TASK DETAILS:
Could you report every line from the entries that includes the word "color"?

STORED DATA:

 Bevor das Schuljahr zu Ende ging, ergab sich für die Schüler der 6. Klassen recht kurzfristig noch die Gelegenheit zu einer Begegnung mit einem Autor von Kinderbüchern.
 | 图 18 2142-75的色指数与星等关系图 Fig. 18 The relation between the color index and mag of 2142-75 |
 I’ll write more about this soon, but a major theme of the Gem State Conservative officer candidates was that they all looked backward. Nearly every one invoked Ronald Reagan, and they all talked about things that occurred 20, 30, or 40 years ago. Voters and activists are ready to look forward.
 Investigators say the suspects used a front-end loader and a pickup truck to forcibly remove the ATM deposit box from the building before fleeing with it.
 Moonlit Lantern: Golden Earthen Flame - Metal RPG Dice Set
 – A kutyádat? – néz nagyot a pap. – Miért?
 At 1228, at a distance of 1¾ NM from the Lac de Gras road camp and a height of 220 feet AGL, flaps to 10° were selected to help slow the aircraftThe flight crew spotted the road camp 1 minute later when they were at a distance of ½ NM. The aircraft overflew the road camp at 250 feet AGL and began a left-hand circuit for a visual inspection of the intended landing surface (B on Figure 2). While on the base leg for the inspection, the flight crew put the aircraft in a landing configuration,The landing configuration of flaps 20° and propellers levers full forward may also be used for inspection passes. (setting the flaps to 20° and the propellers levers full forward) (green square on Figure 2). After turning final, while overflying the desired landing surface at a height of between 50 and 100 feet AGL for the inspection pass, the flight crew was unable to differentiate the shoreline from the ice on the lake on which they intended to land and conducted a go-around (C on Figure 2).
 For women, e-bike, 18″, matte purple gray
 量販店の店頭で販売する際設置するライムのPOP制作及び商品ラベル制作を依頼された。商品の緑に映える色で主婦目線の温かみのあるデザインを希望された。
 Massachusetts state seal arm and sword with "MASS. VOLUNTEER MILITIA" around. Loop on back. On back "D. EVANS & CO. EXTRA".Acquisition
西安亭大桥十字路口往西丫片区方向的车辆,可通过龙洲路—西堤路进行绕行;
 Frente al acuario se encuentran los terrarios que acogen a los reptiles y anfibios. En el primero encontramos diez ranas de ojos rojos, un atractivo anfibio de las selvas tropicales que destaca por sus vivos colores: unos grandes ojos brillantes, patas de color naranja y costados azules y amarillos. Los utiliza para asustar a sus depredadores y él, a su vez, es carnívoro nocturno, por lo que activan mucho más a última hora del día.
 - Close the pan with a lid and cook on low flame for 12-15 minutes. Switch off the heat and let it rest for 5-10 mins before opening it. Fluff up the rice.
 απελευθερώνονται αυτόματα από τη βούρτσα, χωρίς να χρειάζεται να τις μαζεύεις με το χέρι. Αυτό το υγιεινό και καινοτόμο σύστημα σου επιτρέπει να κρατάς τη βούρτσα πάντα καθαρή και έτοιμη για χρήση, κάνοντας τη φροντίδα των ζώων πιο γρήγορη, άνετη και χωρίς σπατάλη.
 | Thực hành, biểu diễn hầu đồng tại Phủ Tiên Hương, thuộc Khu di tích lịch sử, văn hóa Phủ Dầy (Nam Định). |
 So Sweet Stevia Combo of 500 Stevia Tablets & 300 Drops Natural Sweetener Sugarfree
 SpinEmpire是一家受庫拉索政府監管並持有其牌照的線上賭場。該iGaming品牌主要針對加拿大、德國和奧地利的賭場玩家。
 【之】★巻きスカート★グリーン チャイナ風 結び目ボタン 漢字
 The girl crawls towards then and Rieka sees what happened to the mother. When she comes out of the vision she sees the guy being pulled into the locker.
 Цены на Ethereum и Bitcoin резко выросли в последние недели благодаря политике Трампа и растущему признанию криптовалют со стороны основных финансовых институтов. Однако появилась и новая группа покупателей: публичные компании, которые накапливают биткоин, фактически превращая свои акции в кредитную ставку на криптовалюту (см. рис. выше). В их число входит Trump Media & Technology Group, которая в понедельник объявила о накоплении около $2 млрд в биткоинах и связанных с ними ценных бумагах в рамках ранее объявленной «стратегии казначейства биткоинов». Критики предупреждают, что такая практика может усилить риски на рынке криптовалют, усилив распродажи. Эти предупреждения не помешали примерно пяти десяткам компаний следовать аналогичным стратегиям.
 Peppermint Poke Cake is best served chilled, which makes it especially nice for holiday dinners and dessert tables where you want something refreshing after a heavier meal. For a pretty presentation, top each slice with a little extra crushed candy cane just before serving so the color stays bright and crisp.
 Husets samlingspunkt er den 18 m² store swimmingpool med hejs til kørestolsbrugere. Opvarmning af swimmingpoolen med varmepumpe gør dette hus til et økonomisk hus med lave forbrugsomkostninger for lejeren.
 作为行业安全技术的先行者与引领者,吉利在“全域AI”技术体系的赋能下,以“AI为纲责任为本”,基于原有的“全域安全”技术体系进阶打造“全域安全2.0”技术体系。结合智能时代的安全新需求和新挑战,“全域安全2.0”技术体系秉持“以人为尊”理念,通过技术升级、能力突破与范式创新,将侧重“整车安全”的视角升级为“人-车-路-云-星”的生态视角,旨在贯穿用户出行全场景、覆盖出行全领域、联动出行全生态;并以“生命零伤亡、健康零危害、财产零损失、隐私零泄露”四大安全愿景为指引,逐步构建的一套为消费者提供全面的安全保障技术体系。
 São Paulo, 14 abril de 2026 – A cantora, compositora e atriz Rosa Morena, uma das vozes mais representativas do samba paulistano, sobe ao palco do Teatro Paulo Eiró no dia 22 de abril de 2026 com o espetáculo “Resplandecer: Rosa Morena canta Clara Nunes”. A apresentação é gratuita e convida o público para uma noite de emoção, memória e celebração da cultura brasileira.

EXPECTED ANSWER:
 | 图 18 2142-75的色指数与星等关系图 Fig. 18 The relation between the color index and mag of 2142-75 |
 Frente al acuario se encuentran los terrarios que acogen a los reptiles y anfibios. En el primero encontramos diez ranas de ojos rojos, un atractivo anfibio de las selvas tropicales que destaca por sus vivos colores: unos grandes ojos brillantes, patas de color naranja y costados azules y amarillos. Los utiliza para asustar a sus depredadores y él, a su vez, es carnívoro nocturno, por lo que activan mucho más a última hora del día.
 Peppermint Poke Cake is best served chilled, which makes it especially nice for holiday dinners and dessert tables where you want something refreshing after a heavier meal. For a pretty presentation, top each slice with a little extra crushed candy cane just before serving so the color stays bright and crisp.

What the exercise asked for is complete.